## Task description
Lines from the one containing "Flap closure with metal monogram" through the final line of the records below are needed, copied exactly, with no pictures.

## Input records
┄┄┄┄┄┄┄┄┄┄┄┄┄┄┄┄┄┄┄┄

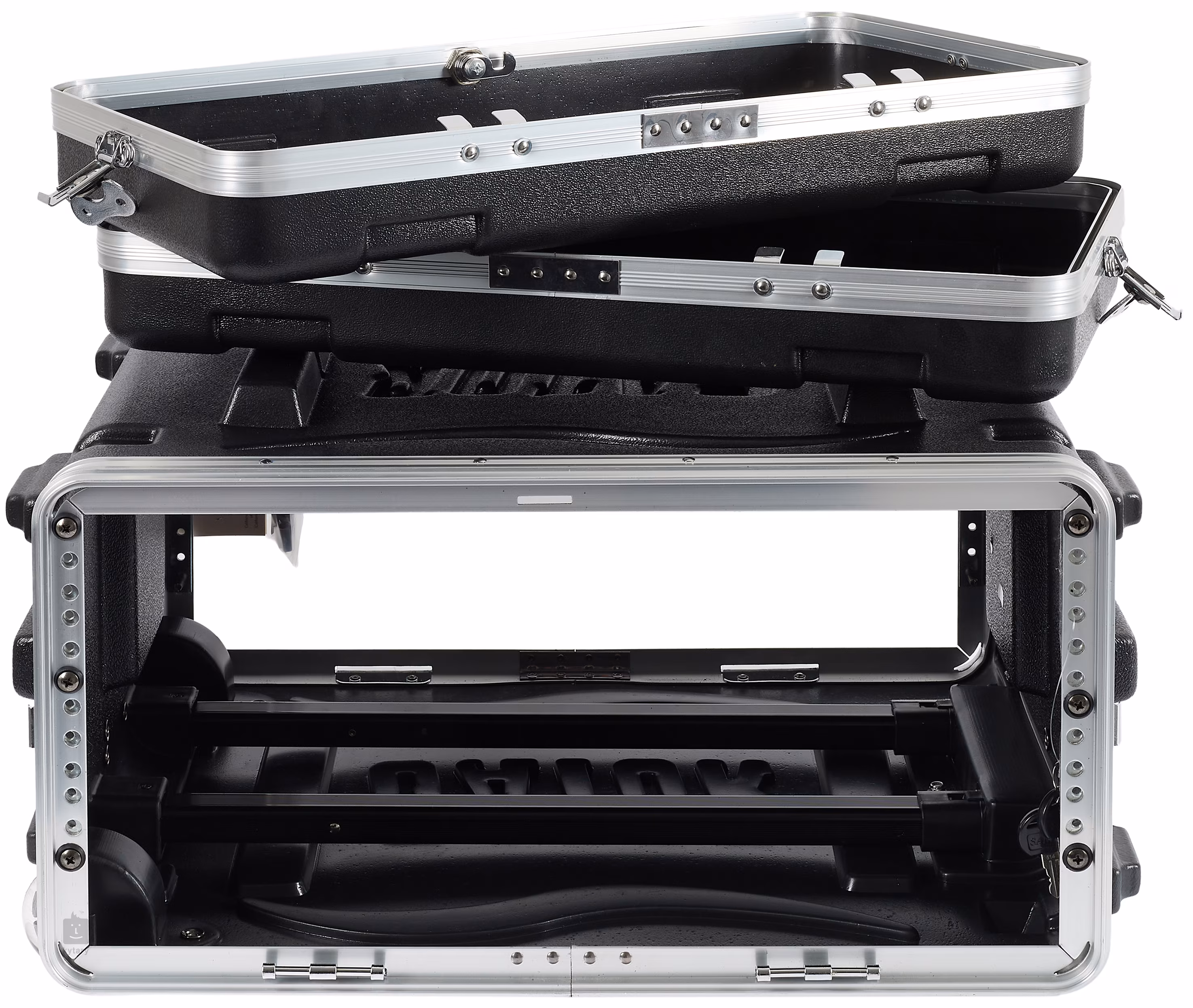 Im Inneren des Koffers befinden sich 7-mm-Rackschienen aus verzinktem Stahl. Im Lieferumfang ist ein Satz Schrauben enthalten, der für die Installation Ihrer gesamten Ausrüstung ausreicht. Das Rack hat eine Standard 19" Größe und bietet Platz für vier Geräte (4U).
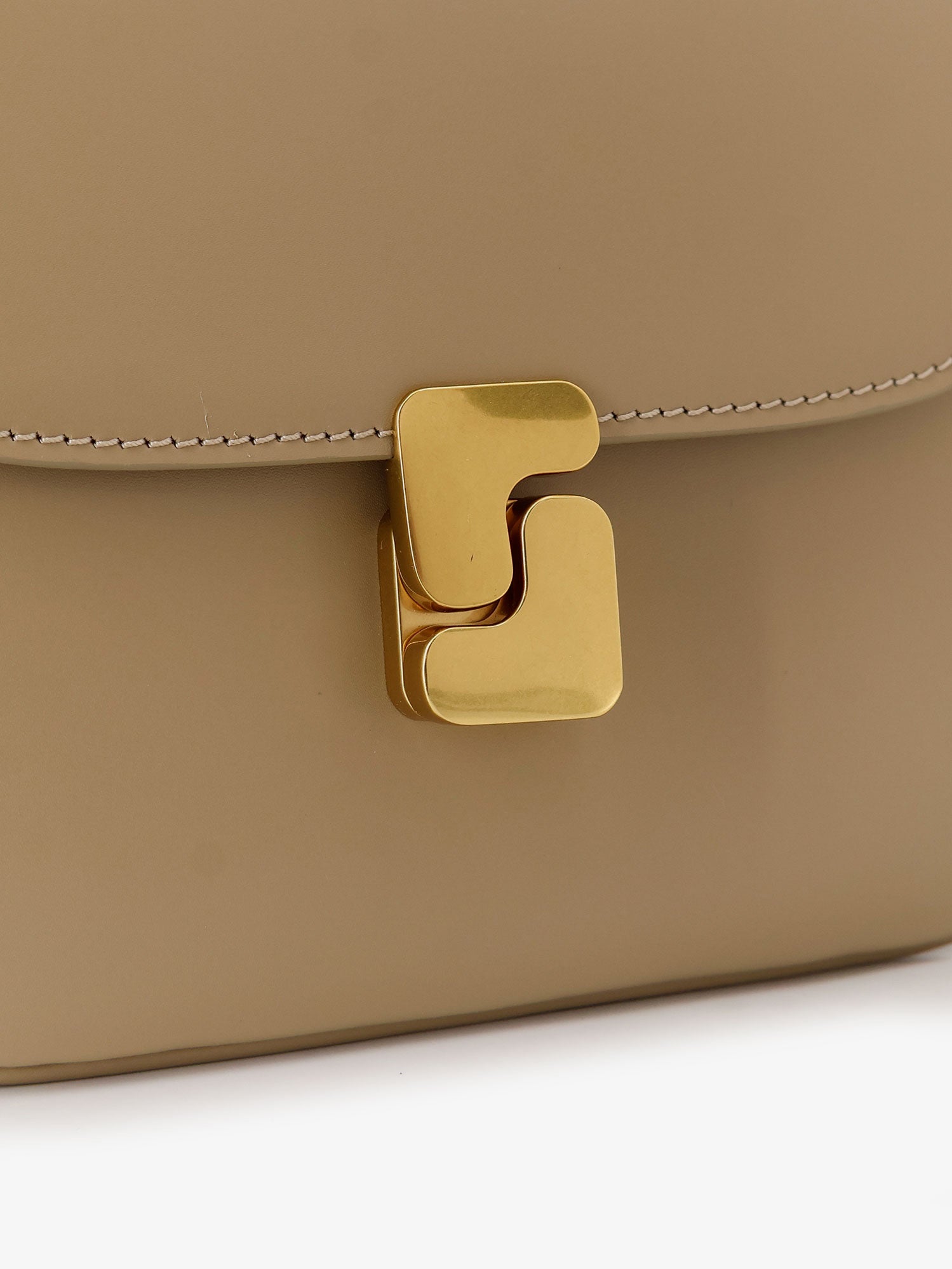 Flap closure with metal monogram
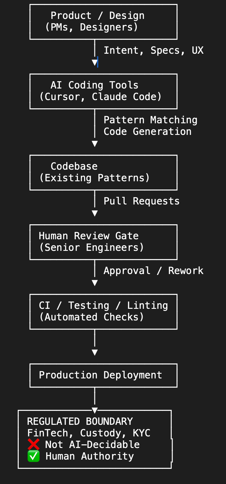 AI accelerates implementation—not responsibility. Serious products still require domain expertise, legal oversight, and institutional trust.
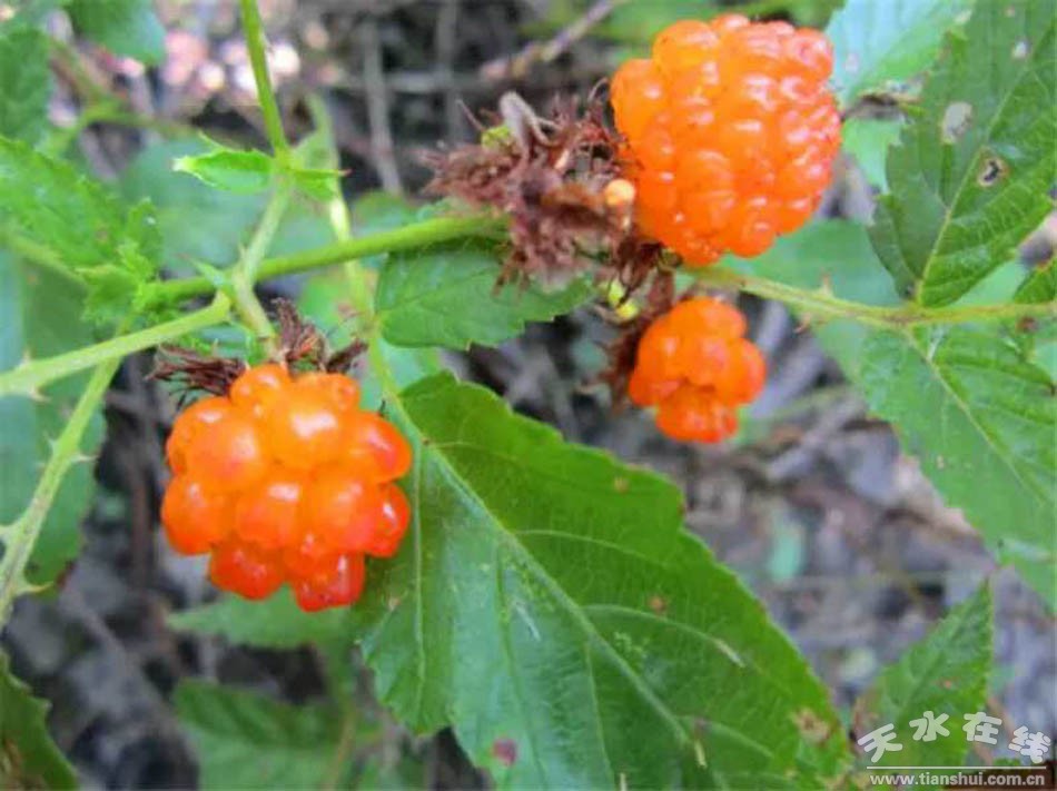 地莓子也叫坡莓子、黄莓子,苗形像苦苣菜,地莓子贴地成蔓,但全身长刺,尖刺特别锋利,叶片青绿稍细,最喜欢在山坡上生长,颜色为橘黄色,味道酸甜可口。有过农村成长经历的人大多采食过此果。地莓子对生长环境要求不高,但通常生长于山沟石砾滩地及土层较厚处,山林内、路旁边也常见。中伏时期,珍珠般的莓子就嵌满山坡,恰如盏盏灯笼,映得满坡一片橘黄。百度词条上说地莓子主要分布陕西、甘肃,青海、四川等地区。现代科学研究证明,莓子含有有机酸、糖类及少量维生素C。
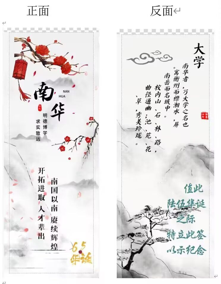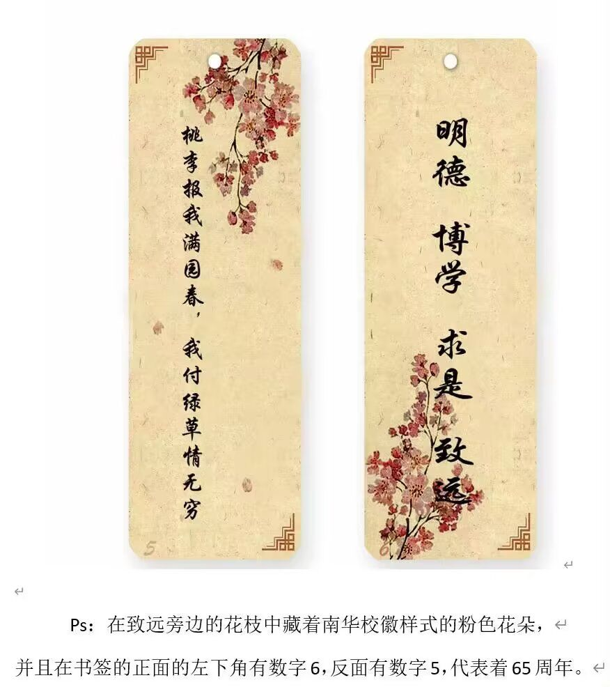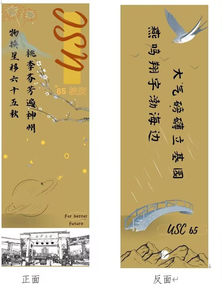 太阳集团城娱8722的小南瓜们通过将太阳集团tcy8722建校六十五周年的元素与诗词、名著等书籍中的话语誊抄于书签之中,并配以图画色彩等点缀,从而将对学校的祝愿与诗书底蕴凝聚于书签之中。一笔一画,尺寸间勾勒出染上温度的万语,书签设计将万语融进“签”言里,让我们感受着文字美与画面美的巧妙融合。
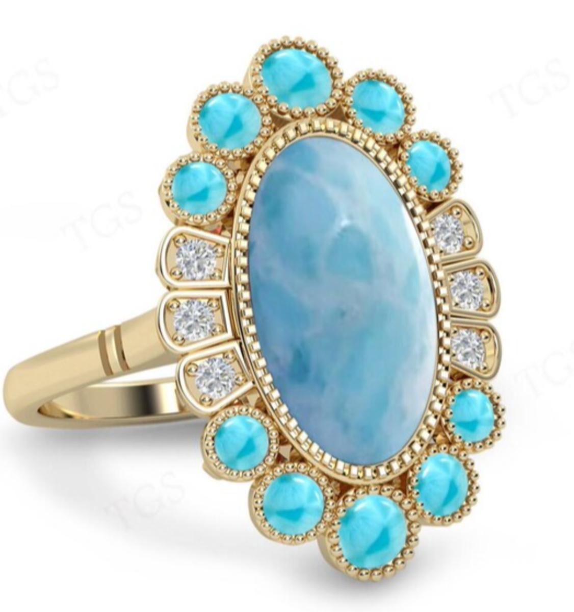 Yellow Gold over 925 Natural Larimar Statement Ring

┄┄┄┄┄┄┄┄┄┄┄┄┄┄┄┄┄┄┄┄

## Output of the task
 Flap closure with metal monogram
 AI accelerates implementation—not responsibility. Serious products still require domain expertise, legal oversight, and institutional trust.
 地莓子也叫坡莓子、黄莓子,苗形像苦苣菜,地莓子贴地成蔓,但全身长刺,尖刺特别锋利,叶片青绿稍细,最喜欢在山坡上生长,颜色为橘黄色,味道酸甜可口。有过农村成长经历的人大多采食过此果。地莓子对生长环境要求不高,但通常生长于山沟石砾滩地及土层较厚处,山林内、路旁边也常见。中伏时期,珍珠般的莓子就嵌满山坡,恰如盏盏灯笼,映得满坡一片橘黄。百度词条上说地莓子主要分布陕西、甘肃,青海、四川等地区。现代科学研究证明,莓子含有有机酸、糖类及少量维生素C。
 太阳集团城娱8722的小南瓜们通过将太阳集团tcy8722建校六十五周年的元素与诗词、名著等书籍中的话语誊抄于书签之中,并配以图画色彩等点缀,从而将对学校的祝愿与诗书底蕴凝聚于书签之中。一笔一画,尺寸间勾勒出染上温度的万语,书签设计将万语融进“签”言里,让我们感受着文字美与画面美的巧妙融合。
 Yellow Gold over 925 Natural Larimar Statement Ring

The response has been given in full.